Mental Health & Wellbeing of Staff who Support PGRs

  • Research Supervision
  • Past Events

On February 5th, we held the last in our series of events on mental health and wellbeing, this time focussing on staff who support doctoral candidates. The event was led by Professor Craig Martin and Dr Nicola Palmer (Co-Chairs of the Research Supervisors’ Network) and held under the Chatham House Rule.

Professor Craig Martin welcomed attendees and introduced the session, which built on findings from the UK Research Supervision Survey 2024 Report, such as the fact that 30% of respondents said that supervision had kept them awake at night and 28% said that supervision made them feel anxious. Dr Nicola Palmer added some remarks on her personal experience of supervision and said that expectations from students that a supervisor cam support all sorts of things that happen in the life cycle of a doctoral candidate” – such as family or emotional issues – can add pressure. She had also observed that anxiety amongst supervisors about doing things properly” has increased.

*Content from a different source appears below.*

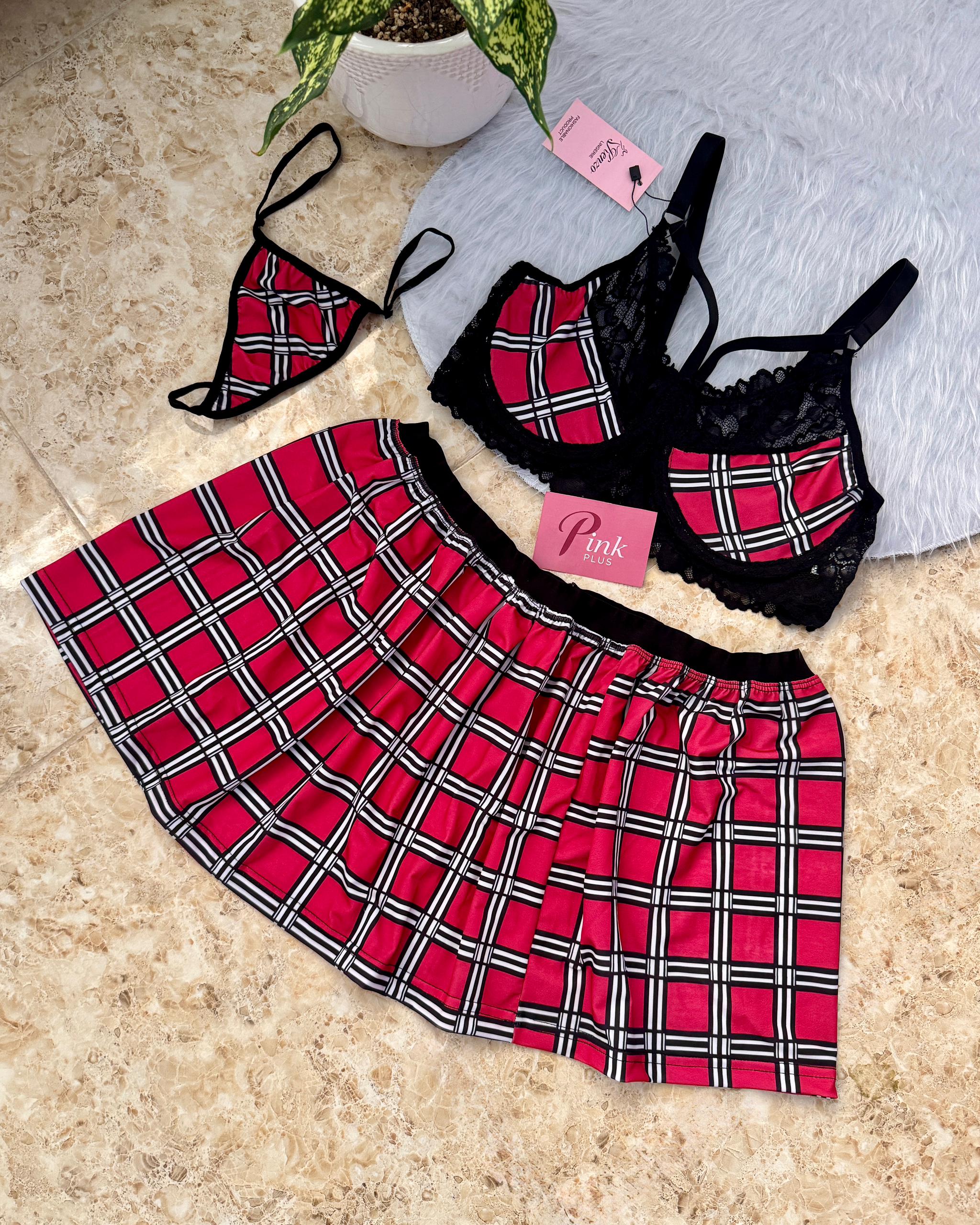 - 3 تیکه : سوتین(نیم تنه) ، دامن و شورت

To begin, attendees joined breakout rooms to discuss what formal support structures were already available for staff at their universities. Following this exercise, Professor Martin introduced the speaker: Dr Katherine Parker-Hay (UX Researcher and Content Strategist, Open Library of Humanities, Birkbeck, University of London) who is the author of a report: The Supervisor’s Voice: Perspectives on the Values and Boundaries of the Supervisory Role.

Dr Parker-Hay explained that she had read several reports in which it was found that PGRs neglected professional development if it was perceived as a distraction to their research, and this inspired her to do her own report on the topic. She explained that the PhD is based on the apprentice model’ of learning in which a candidate is paired with an expert to absorb institutional and disciplinary knowledge. She argued that – even though the PhD has been overtaken by new considerations such as employability – old ideas about doctoral study being a labour of love rather than work” persisted. Therefore, supervisors are often dealing with multiple layers of conflicting expectations. 

A key consequence of this, she explained, was that supervisors worried about giving students the impression that an academic job was a certainty after completing their doctorate. However, thinking about the apprentice model, they were often focussed on helping the student to build an identity within a narrow field of study, which inevitably led to raised expectations that they were going to become a faculty member within the Higher Education landscape.

Dr Parker-Hay then moved on to look in more detail at mental health and wellbeing. She said that supervisors were conceptualising the PhD as a difficult journey with lots of ups and downs, which made it difficult to distinguish between a bump in the road” for their students and a mental health issue. She then discussed the problem of signposting students who needed help, adding that it was more difficult than it looks” because supervisors don’t always know about the inner workings of student support within their institutions.

Finally, Dr Parker-Hay concluded by discussing the following points:

  • The mental health of PGRs and their supervisors is linked.
  • To signpost ethically, supervisors need to have a deeper institutional knowledge.
  • Wellbeing training should be context-specific.
  • Professional development tools should be framed carefully.

The event ended with a final breakout session (discussing What can we do as a network to support each other”) and a Q&A.